▸ Work required: A word-for-word copy of the listing, free of images, is the expected answer.

▸ Collected data:
---+---
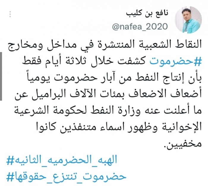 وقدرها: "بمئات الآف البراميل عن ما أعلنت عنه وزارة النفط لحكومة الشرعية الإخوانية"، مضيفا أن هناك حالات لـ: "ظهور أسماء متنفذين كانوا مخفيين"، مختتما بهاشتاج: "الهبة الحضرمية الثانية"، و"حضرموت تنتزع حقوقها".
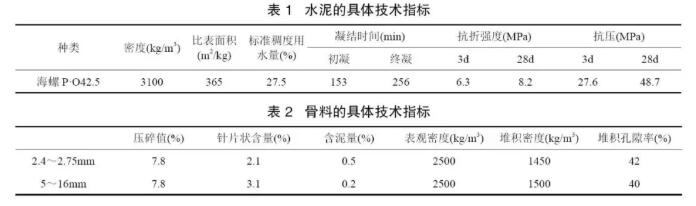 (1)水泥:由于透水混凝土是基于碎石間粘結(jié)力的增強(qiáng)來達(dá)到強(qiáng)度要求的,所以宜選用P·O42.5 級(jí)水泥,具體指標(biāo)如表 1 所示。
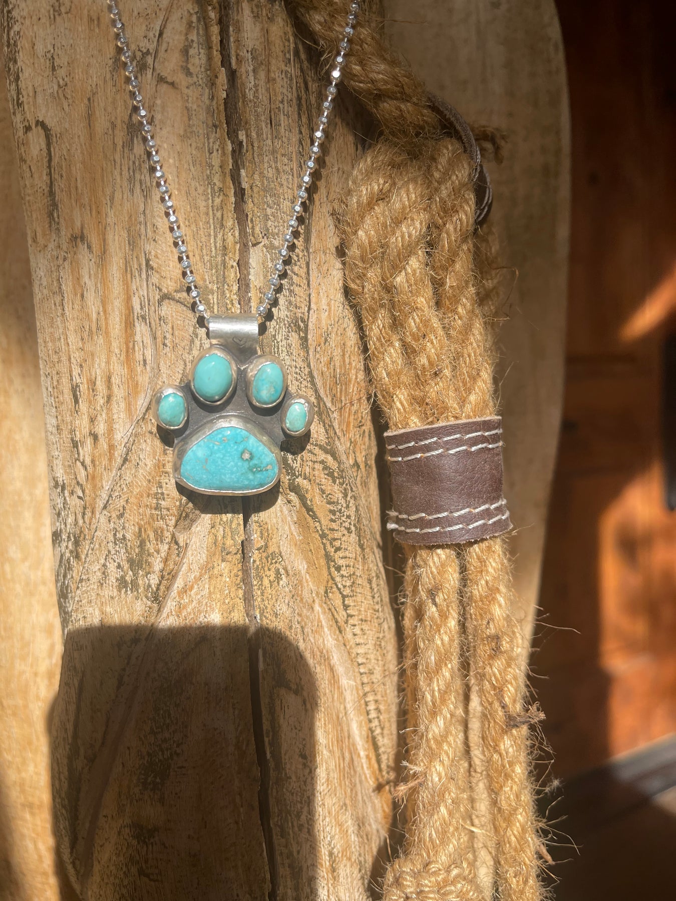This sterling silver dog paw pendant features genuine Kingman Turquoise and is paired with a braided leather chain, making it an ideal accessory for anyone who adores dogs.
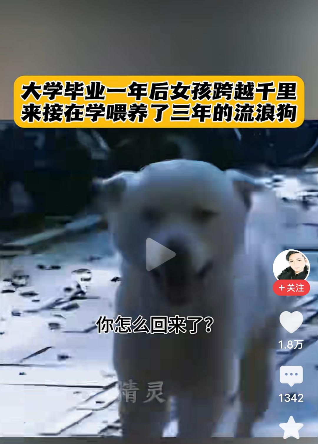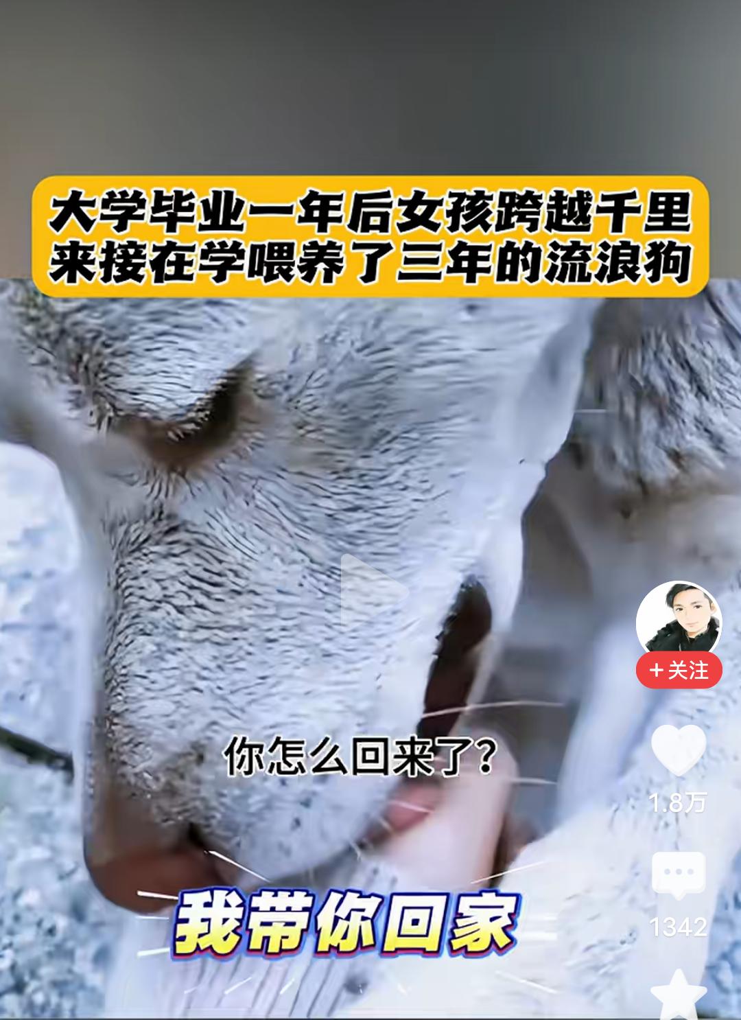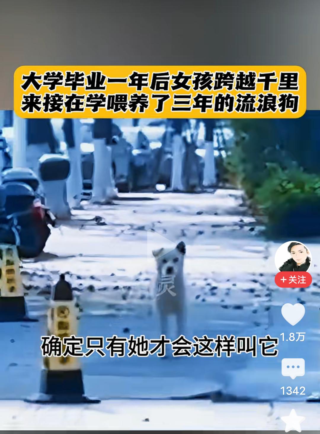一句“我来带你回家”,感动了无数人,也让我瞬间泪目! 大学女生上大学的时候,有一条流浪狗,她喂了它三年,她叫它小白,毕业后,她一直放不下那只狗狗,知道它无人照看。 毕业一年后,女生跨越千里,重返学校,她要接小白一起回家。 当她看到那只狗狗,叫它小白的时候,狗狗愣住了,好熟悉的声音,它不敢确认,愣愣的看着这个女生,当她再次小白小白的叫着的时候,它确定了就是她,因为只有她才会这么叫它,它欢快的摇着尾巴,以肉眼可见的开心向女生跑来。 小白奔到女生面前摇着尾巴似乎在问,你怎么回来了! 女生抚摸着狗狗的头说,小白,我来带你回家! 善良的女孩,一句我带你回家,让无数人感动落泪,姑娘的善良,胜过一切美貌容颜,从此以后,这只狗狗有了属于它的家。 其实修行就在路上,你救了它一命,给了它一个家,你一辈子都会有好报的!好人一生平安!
---+---
▸ Expected answer:
 وقدرها: "بمئات الآف البراميل عن ما أعلنت عنه وزارة النفط لحكومة الشرعية الإخوانية"، مضيفا أن هناك حالات لـ: "ظهور أسماء متنفذين كانوا مخفيين"، مختتما بهاشتاج: "الهبة الحضرمية الثانية"، و"حضرموت تنتزع حقوقها".
 (1)水泥:由于透水混凝土是基于碎石間粘結(jié)力的增強(qiáng)來達(dá)到強(qiáng)度要求的,所以宜選用P·O42.5 級(jí)水泥,具體指標(biāo)如表 1 所示。
This sterling silver dog paw pendant features genuine Kingman Turquoise and is paired with a braided leather chain, making it an ideal accessory for anyone who adores dogs.
一句“我来带你回家”,感动了无数人,也让我瞬间泪目! 大学女生上大学的时候,有一条流浪狗,她喂了它三年,她叫它小白,毕业后,她一直放不下那只狗狗,知道它无人照看。 毕业一年后,女生跨越千里,重返学校,她要接小白一起回家。 当她看到那只狗狗,叫它小白的时候,狗狗愣住了,好熟悉的声音,它不敢确认,愣愣的看着这个女生,当她再次小白小白的叫着的时候,它确定了就是她,因为只有她才会这么叫它,它欢快的摇着尾巴,以肉眼可见的开心向女生跑来。 小白奔到女生面前摇着尾巴似乎在问,你怎么回来了! 女生抚摸着狗狗的头说,小白,我来带你回家! 善良的女孩,一句我带你回家,让无数人感动落泪,姑娘的善良,胜过一切美貌容颜,从此以后,这只狗狗有了属于它的家。 其实修行就在路上,你救了它一命,给了它一个家,你一辈子都会有好报的!好人一生平安!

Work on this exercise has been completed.